Activity: What is needed is a verbatim copy of the data, minus the pictures.

Information provided:
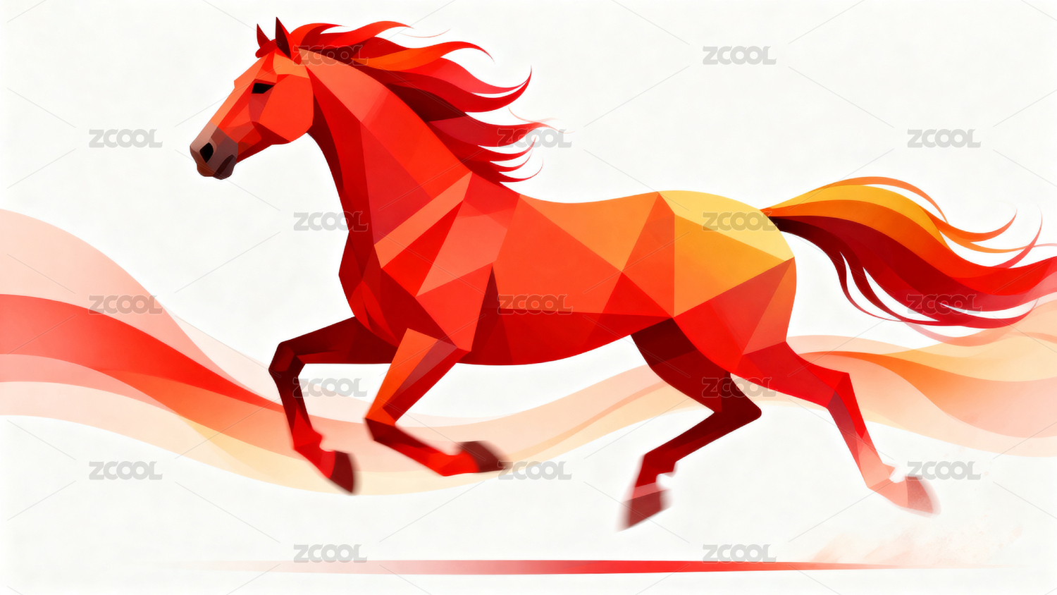 红色几何风格奔马动态图
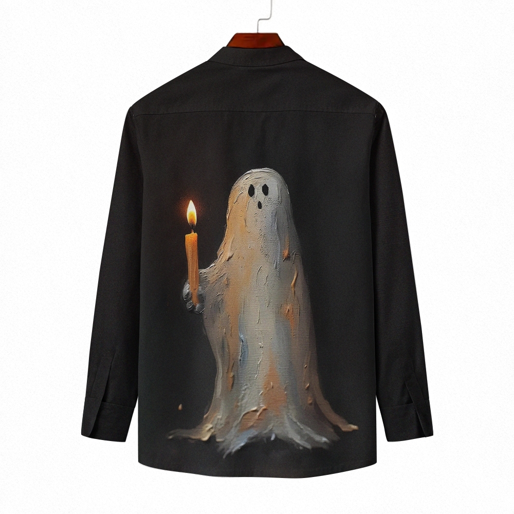 Unisex Fit Vintage Cute Ghost Halloween Prints Long Sleeves Stand-Up Collar Shirt (With Pockets)
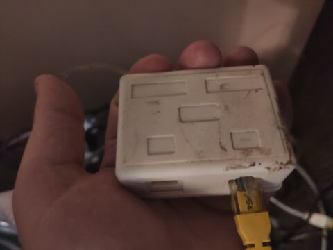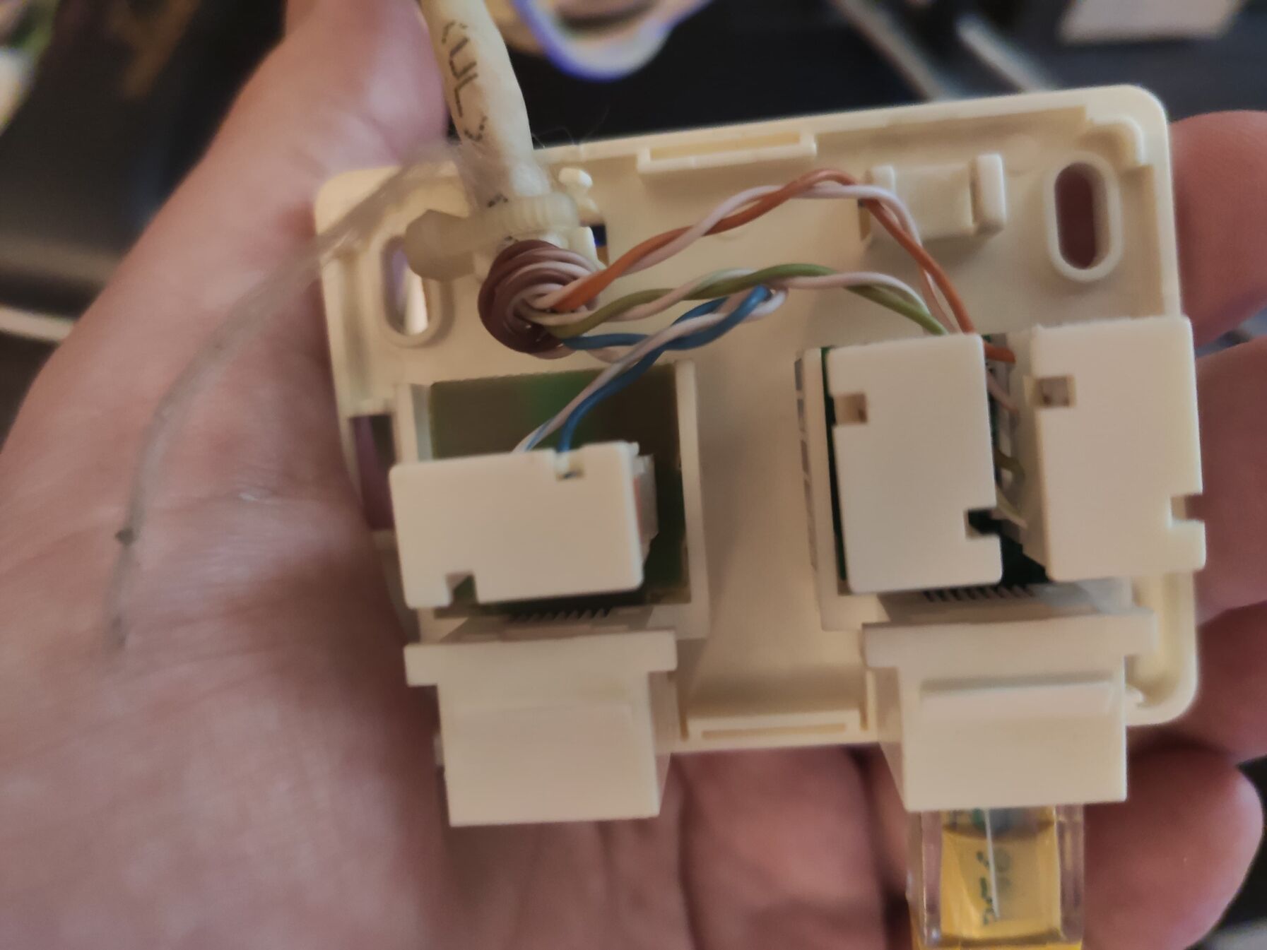 A kép jobb oldalán látható kábelt (beköltözéskör nem tudta a felújító szaki mi az a kábel és elvágta, azért néz ki így) lehúztam a toldalékról és egy CAT 5e-s kábellel követlenül összekötöttem a géppel.

Answer for the task:
 红色几何风格奔马动态图
 Unisex Fit Vintage Cute Ghost Halloween Prints Long Sleeves Stand-Up Collar Shirt (With Pockets)
 A kép jobb oldalán látható kábelt (beköltözéskör nem tudta a felújító szaki mi az a kábel és elvágta, azért néz ki így) lehúztam a toldalékról és egy CAT 5e-s kábellel követlenül összekötöttem a géppel.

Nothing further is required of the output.